I was trying to drag out one of my old projects where I used a previous version of pymc3 and the following code crashes the session (on colab). Was wondering if this was a potential bug:
# ann_input = theano.shared(x_train)
# ann_output = theano.shared(y_train[:,None])
with pm.Model() as linear_model:
ann_input = pm.Data('ann_input', x_train)
ann_output = pm.Data('ann_output', y_train)
# Weights from input to hidden layer
weights_in_1 = pm.Normal('w_in_1', 0, sd=1, shape=(x_train.shape[1], n_out))

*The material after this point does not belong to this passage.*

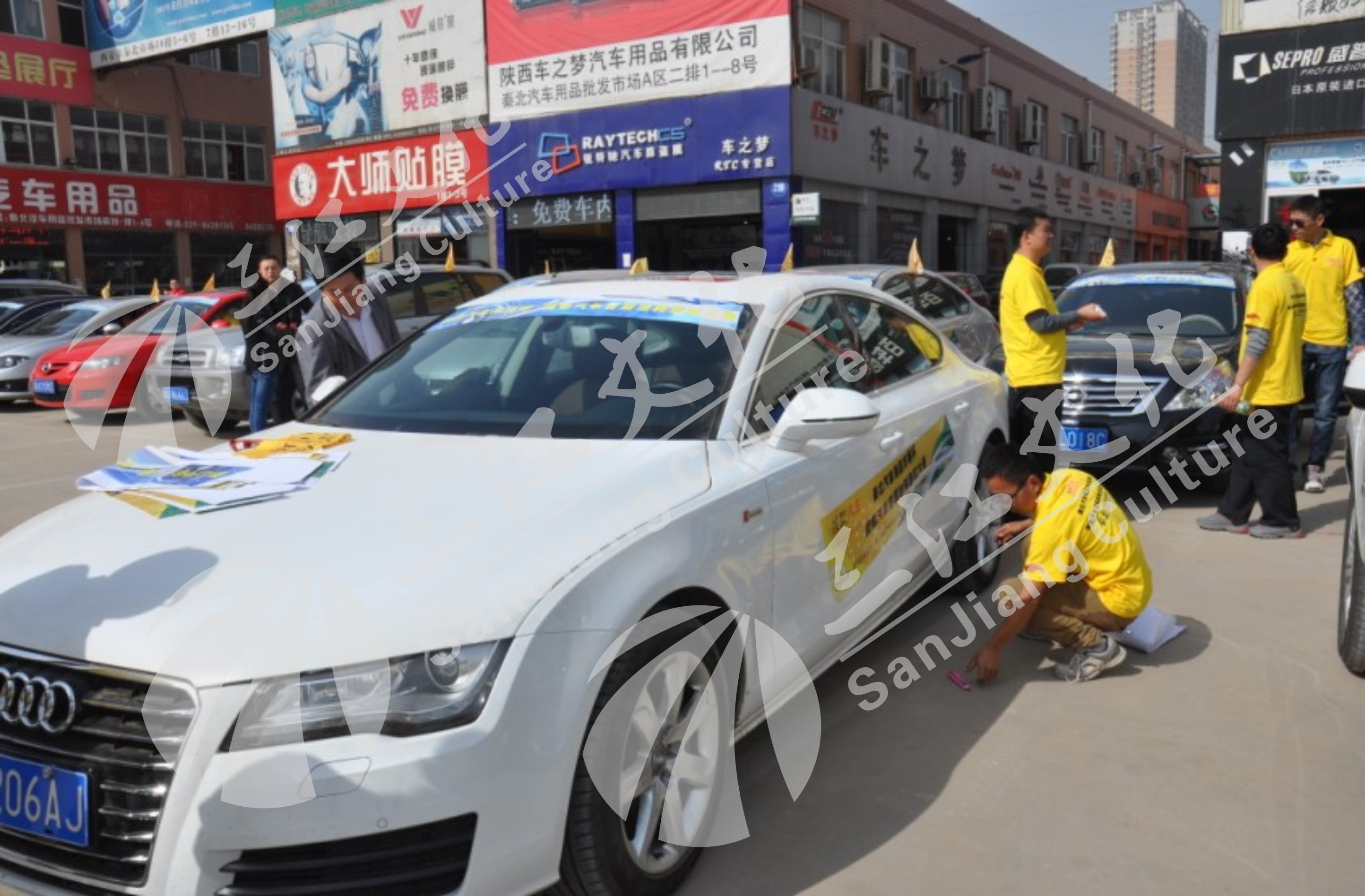 三江广告工作人员在贴车贴

mu = pm.math.dot(ann_input,weights_in_1)
p = tt.nnet.softmax(mu)
# multinomial logistic function
y = pm.Categorical('y', p=p, observed=ann_output, total_size=len(y_train))
The commented out bit was what I used to use, and was hoping pm.Data
would help but it didn’t.
In order to get the data, you can use the following lines:
import tensorflow as tf
mnist = tf.keras.datasets.mnist
(x_train, y_train),(x_test, y_test) = mnist.load_data()
x_train, x_test = x_train / 255.0, x_test / 255.0
x_train = x_train.reshape((len(x_train), -1))
x_test = x_test.reshape((len(x_test), -1))
n_out = 10 # 10 digits
Thoughts? Am I using the new API wrong. There’s only 7840 weights. Shouldn’t crash the system should it?